Dr Jeremy Woodward, University of Cape Town

START has been a springboard to Jeremy securing follow-on funding to expand his vision to spread cryo-EM knowledge throughout Southern Africa with his project: Cryo-EM for Southern Africa. This project is generously sponsored by the Chan Zuckerberg Initiative under their Expanding Global Access to Bio-imaging programme. The project consists of a series of one-on-one intensive training workshops in cryo-EM specimen preparation, imaging, data processing and interpretation. Participants receive funding to cover all their travel-related expenses and experimental costs and usually leave with publishable results. One of the unique aspects of this project is that researchers are trained on their own projects: acceptance is dependent on applicants demonstrating that they have suitable samples for cryo-EM.

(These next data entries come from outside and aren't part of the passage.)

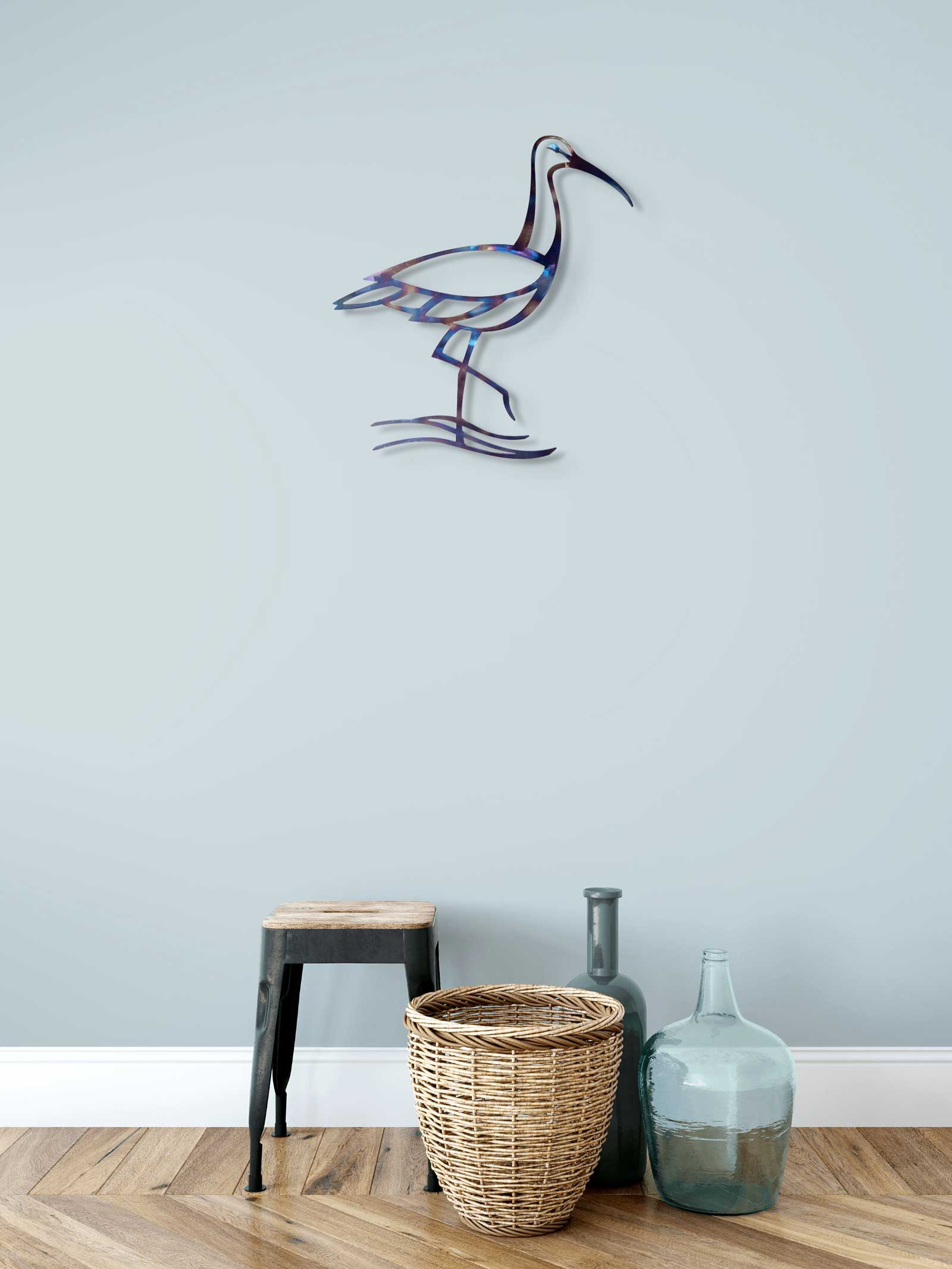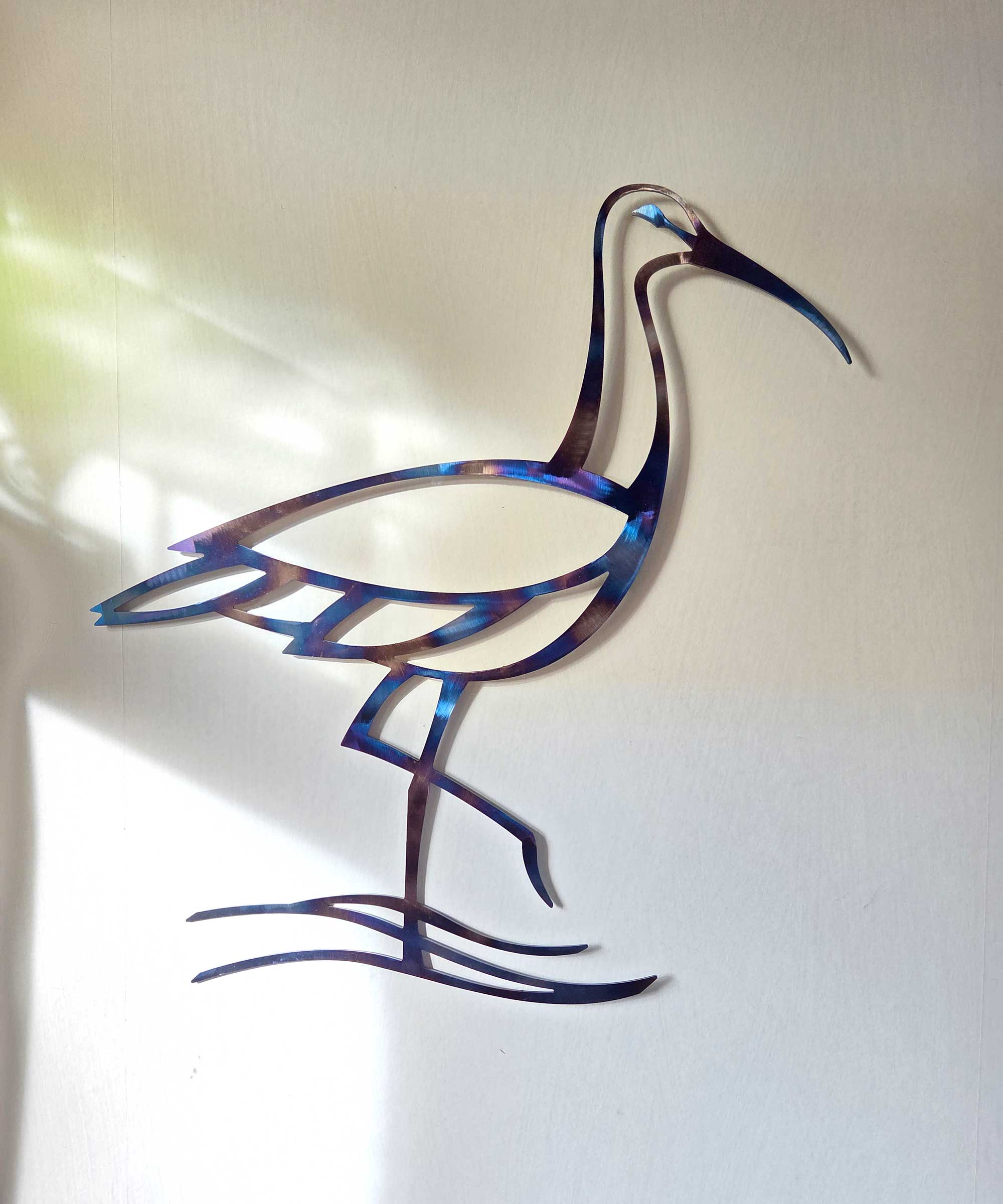 In order to ensure the longevity of the rainbow patina it is recommended to keep my heat treated designs indoors. I can also make the curlew design in sealed rusted steel, or stainless steel, both of which are perfectly durable outdoors.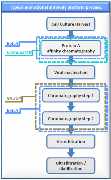 層析系統,已由2004年的6-8柱位設計、2006年的3柱位設計,發展為最優化的2柱位設計,可運行多種層析模式,如標準批處理過程、Capture SMB、MCSGP(多柱逆流溶劑梯度純化)、N-Rich等,實現了層析新技術與層析系統軟硬件設計的完美結合,使得設備成本更低,構造更為簡化,并可使層析填料、緩沖液等成本投入大為節省,同時也使得純化周期大為縮短。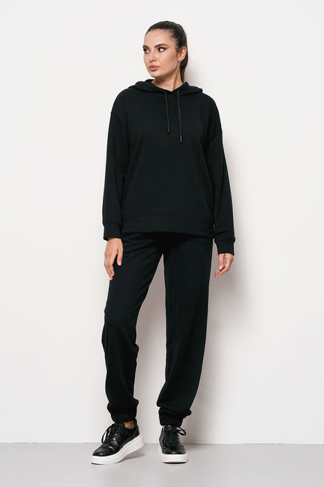 Спортивный женский костюм свободного силуэта, состоящий из худи с капюшоном и брюк, выполнен из высококачественного футера 3-х нитки класса "пенье". Лицевая сторона ткани гладная, изнанка - петлеобразная. Худи с капюшоном свободного силуэта со спущенной линией плеча и длинными рукавами с углубленной проймой. Низ худи и рукавов выполнены с планками без резинок, в капюшон вставлен декоративный шнур. Брюки (спортивные штаны) свободного силуэта с функциональными карманами в боковых швах заужены к низу, пояс брюк и отрезные манжеты по низу полностью на резинке.

1 EMD-1050, EMD-1204, EMD-1205, EMD-1313, EMD-1469, EMD-1870, EMD-3486, EMD3496, EMD3497, EMD3498, EMD3499, EMD3500, EMD3501, EMD3503, EMD3504, EMD3505

2 Mulelu, A.E., Kirykowicz, A.M. & Woodward, J.D. Cryo-EM and directed evolution reveal how Arabidopsis nitrilase specificity is influenced by its quaternary structure. Commun Biol 2, 260 (2019).

3 Lubbe, L., Sewell, B.T., Woodward, J.D., Sturrock, E.D. (2022) Cryo‐EM reveals mechanisms of angiotensin I‐converting enzyme allostery and dimerization. EMBO J DOI: 10.15252/embj.2021110550

4 Researchers trained to date (March 2023): 15 South African researchers, 4 Zimbabwean, and one each from Malawi, Kenya, Swaziland, and France.